** BRIEF **
Copy the data exactly. Images are to be left out.

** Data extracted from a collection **

--------------------------------------------------

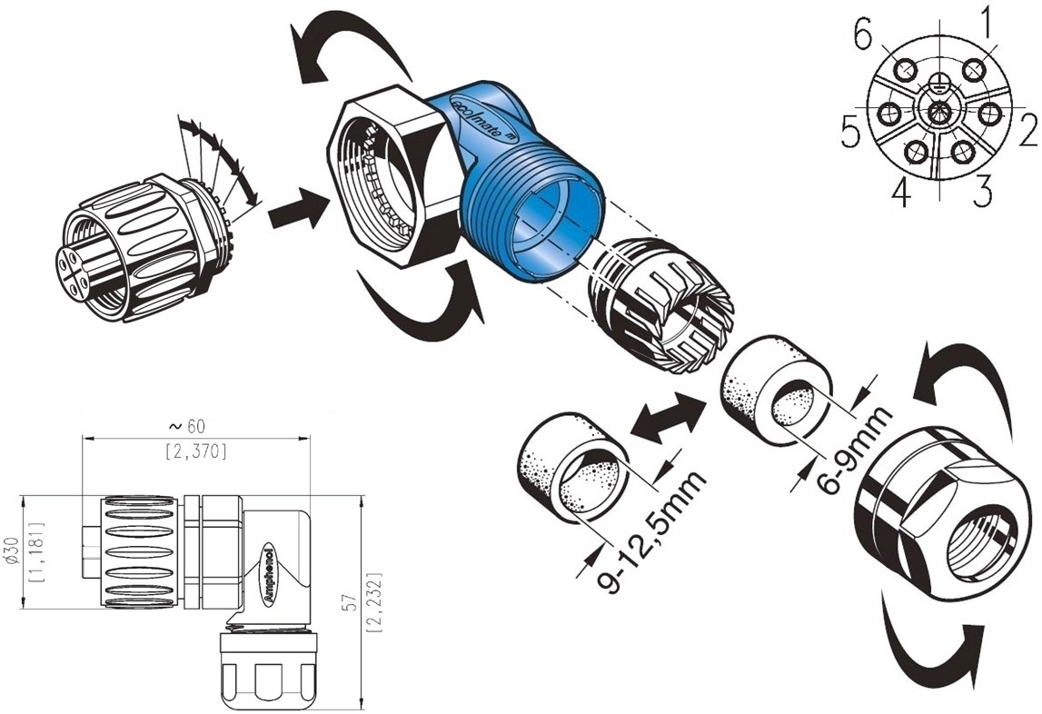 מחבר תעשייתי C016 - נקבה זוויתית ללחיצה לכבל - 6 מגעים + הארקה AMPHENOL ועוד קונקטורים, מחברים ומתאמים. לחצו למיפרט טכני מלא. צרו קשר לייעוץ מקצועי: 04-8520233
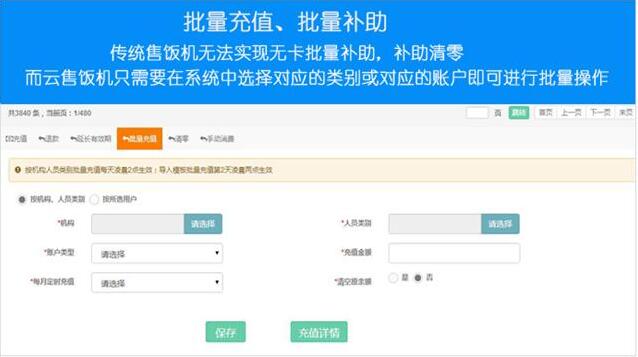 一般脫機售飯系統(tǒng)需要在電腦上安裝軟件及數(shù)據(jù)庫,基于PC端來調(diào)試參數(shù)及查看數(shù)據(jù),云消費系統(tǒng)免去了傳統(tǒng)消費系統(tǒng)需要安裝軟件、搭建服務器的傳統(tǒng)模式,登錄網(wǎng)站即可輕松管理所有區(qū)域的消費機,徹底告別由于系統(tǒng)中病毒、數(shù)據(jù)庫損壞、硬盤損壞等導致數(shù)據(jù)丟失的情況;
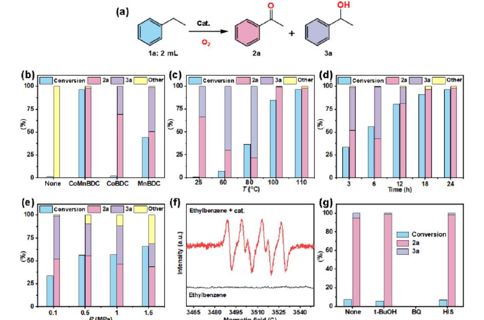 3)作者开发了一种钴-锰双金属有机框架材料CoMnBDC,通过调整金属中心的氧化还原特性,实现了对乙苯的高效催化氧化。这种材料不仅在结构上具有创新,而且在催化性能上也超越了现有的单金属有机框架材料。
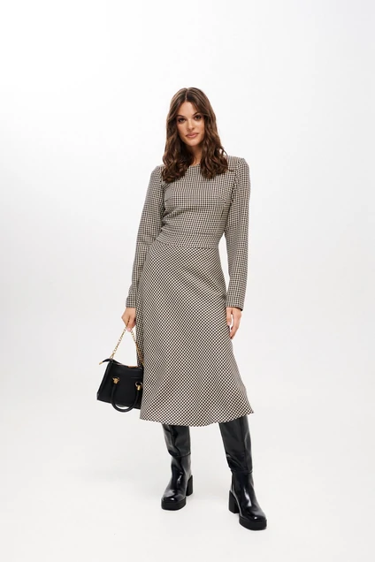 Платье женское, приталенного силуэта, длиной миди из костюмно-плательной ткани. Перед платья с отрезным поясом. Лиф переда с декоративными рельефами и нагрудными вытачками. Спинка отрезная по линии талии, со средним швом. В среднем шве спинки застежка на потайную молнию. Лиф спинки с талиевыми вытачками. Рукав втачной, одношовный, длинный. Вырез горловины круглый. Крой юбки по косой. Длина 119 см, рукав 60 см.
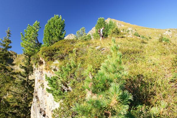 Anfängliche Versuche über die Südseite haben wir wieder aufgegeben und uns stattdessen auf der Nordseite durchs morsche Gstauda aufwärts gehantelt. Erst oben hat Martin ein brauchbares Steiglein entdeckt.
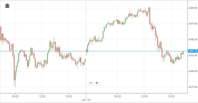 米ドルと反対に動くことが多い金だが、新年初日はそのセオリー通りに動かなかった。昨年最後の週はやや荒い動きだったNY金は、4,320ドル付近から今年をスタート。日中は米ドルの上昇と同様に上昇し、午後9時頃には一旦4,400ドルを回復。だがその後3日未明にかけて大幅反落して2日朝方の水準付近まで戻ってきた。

--------------------------------------------------

** RESULT OF THE EXERCISE **
 מחבר תעשייתי C016 - נקבה זוויתית ללחיצה לכבל - 6 מגעים + הארקה AMPHENOL ועוד קונקטורים, מחברים ומתאמים. לחצו למיפרט טכני מלא. צרו קשר לייעוץ מקצועי: 04-8520233
 一般脫機售飯系統(tǒng)需要在電腦上安裝軟件及數(shù)據(jù)庫,基于PC端來調(diào)試參數(shù)及查看數(shù)據(jù),云消費系統(tǒng)免去了傳統(tǒng)消費系統(tǒng)需要安裝軟件、搭建服務器的傳統(tǒng)模式,登錄網(wǎng)站即可輕松管理所有區(qū)域的消費機,徹底告別由于系統(tǒng)中病毒、數(shù)據(jù)庫損壞、硬盤損壞等導致數(shù)據(jù)丟失的情況;
 3)作者开发了一种钴-锰双金属有机框架材料CoMnBDC,通过调整金属中心的氧化还原特性,实现了对乙苯的高效催化氧化。这种材料不仅在结构上具有创新,而且在催化性能上也超越了现有的单金属有机框架材料。
 Платье женское, приталенного силуэта, длиной миди из костюмно-плательной ткани. Перед платья с отрезным поясом. Лиф переда с декоративными рельефами и нагрудными вытачками. Спинка отрезная по линии талии, со средним швом. В среднем шве спинки застежка на потайную молнию. Лиф спинки с талиевыми вытачками. Рукав втачной, одношовный, длинный. Вырез горловины круглый. Крой юбки по косой. Длина 119 см, рукав 60 см.
 Anfängliche Versuche über die Südseite haben wir wieder aufgegeben und uns stattdessen auf der Nordseite durchs morsche Gstauda aufwärts gehantelt. Erst oben hat Martin ein brauchbares Steiglein entdeckt.
 米ドルと反対に動くことが多い金だが、新年初日はそのセオリー通りに動かなかった。昨年最後の週はやや荒い動きだったNY金は、4,320ドル付近から今年をスタート。日中は米ドルの上昇と同様に上昇し、午後9時頃には一旦4,400ドルを回復。だがその後3日未明にかけて大幅反落して2日朝方の水準付近まで戻ってきた。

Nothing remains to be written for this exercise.